Dad returns from the kitchen, bumbling in with eggs on toast and a tea towel over his arm, just like a waiter in a cheap seaside hotel.
‘Oh no, thank you, I couldn’t eat a thing,’ I say when he offers it to me.
‘Would you prefer a boiled egg with soldiers?’
‘Dad, I’m sorry I’m not hungry.’
‘You need to keep your strength up. It might seem impossible now, but one day we’re going to look back on today and have a good laugh.’
‘I don’t see how,’ I groan, but I do take the plate, balance it on my lap and pick up the knife and fork, while my father plumps up the chintz cushions and plonks himself down beside me, the sofa creaking under his weight. ‘Is this going to be one of your little talks?’
‘It’s always good to talk,’ Dad says brightly. ‘You go first.’
‘You didn’t approve of him, did you?’ I say eventually.
‘Nathan? No, I can’t pretend that I did. You used to be so sensible, but he turned your head. Oh, I’m not surprised. He could be charming. Look at how he seduced your mother – not in the physical sense,’ he adds quickly, eyes twinkling.
I recall Nathan taking me and my parents out to lunch at a rather exclusive fish restaurant on the coast. He won my mother over then and upset my dad by announcing our engagement without asking him for my hand in marriage first. I remember how the conversation went.

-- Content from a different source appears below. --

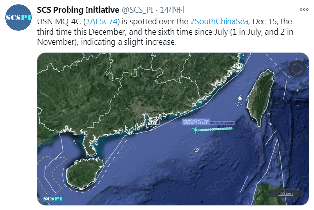 “南海戰略態勢感知”計劃平台12月15日發佈消息稱,當天一架美國海軍的MQ-4C無人偵察機出現在南海上空,該機於當天中午在台灣海峽南端朝着廣東省海岸飛行。這是本月第三次在南海上空發現該型無人機,該機還曾於7月1(1次)、11月(2次)進入過南海海域上空。

‘I didn’t ask you because you would have said no,’ Nathan said. There was a brief pause, during which you could have heard an oyster sliding down someone’s throat. ‘Steve, I understand because your daughter is a unique and special lady, and I am not worthy of her.’ Nathan lifted my hand to show off the ring. He kissed my mother on both cheeks, and shook my dad’s hand.
‘Have you set the date?’ asked my mother.
‘As soon as possible,’ said Nathan. ‘I don’t want to risk her changing her mind.’